Recent research on the nature of the interactions between the nucleus accumbens (NAc) and the OFC in value-based decision making may suggest different specific roles of the OFC in the performance seen here. The NAc is widely known to be critical for reward-motivated behavior in a variety of paradigms (Salamone et al., 2007). Given the functional connectivity of the NAc with the basal forebrain and the medial prefrontal cortex, both critical components of the attentional machinery needed for our task, the NAc is particularly well situated to mediate the recruitment of attention via reward-associated cues (Hasselmo and Sarter, 2011). It also receives direct projections from the OFC, and recent work has clarified the nature of the interactions between NAc and OFC in value-based decision making. For example, Stott and Redish (2014) recorded concurrently from NAc and OFC during a spatial delay-discounting task that involved a trade-off between reward delay and magnitude. Importantly, they were able to isolate neural activity that occurred during deliberation, before the choice occurred, from activity which occurred after the choice was made. They found that activity in NAc signaled aspects of the reward before the choice was made (see also van der Meer and Redish, 2009), whereas activity in both NAc and OFC maintained representations of reward during the execution of the chosen response. Based on these results, they suggested that NAc is more directly involved in the planning of action during behavioral choice, while both NAc and OFC process information related to the decision, execution, and receipt of an outcome once the decision is made. Inactivation of OFC in our experiment could alter all of the later steps following the decision point and contribute to the inability to use information about reward to guide response selection.

Thus, is seems likely that the OFC is integrating information about both the cued correct choice location gained from employment of attentional processes (possibly facilitated by the NAc) and the signaled-reward probability to facilitate the accurate use of the information for response selection and execution of the selected response. An impairment in the capacity to maintain a representation of the integrated information would lead to less differential responding on high and low reward-probability trials.

The dissociation reported here between the impact of signaled-reward probability on choice-response latencies and discrimination accuracy is consistent with this interpretation of OFC function. Impaired ability to use information about reward probability to modulate response selection and execution accuracy on a trial-by-trial basis in the present procedure could be based on accurate encoding of reward probability but an inability to use that information to guide and/or sustain response choice. Thus, perhaps mice encoded the differential value of the reward-associated cues and this information impacted their choice-response latencies (they were more motivated to respond on high-probability trials), but they were unable to use this information either during cue presentation to recruit/direct attention appropriately or during the choice phase to adaptively modulate choice behavior. Although similar to the above interpretation, in that the role of the OFC is to allow for association of a particular reward value with a particular response, this interpretation differs from that proposed by (Stott and Redish, 2014 see also Walton et al., 2010) in that rather than altering an updating process which impacts choice behavior on subsequent trials, we suggest that OFC inhibition impacted the decision process by altering choice behavior on the current trial. In sum, we suggest that OFC may play critical roles in both the dynamic recruitment of attention in response to signaled-reward probability and/or in the selection and execution of a choice response.

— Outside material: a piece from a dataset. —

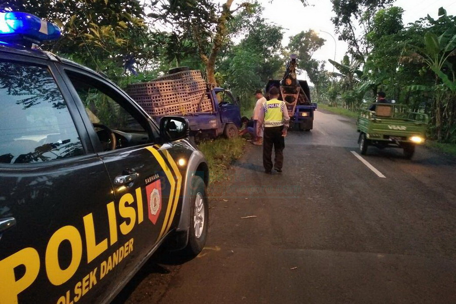 Dander - Kecelakaan tunggal terjadi di jalur Bojonegoro-Nganjuk, tepatnya di jalan raya di depan gudang beras, turut wilayah Desa Growok Kecamatan Dander Kabupaten Bojonegoro, pada Jumat (09/06/2017) sekira pukul 03.30 WIB tadi pagi. Mobil Suzuki Carry pikap tergelincir lalu menabrak pohon penghijauan di pinnggir jalan. Akibatnya pengemudi dan penumpang mengalami luka-luka dan harus mendapat perawatan di rumah sakit.

A number of results suggest that there are likely separate and dissociable roles of the lateral and medial OFC in reward-motivated behavior and decision making (Burton et al., 2014; Rudebeck and Murray, 2014). Specifically, lateral OFC is thought to be involved in evaluating differences in expected outcomes, while medial OFC is involved in guiding choices based on the expected value of these outcomes (Rudebeck and Murray, 2014). Our viral injections included both medial and lateral OFC, but were biased toward medial OFC. The dissociation between the impact of signaled-reward probability on choice-response latencies and discrimination accuracy may reflect inhibition of the choice-modulating function of the medial OFC, but spared valuation by lateral OFC. Further work is needed to delineate the specific roles of distinct anatomical areas of OFC in this task.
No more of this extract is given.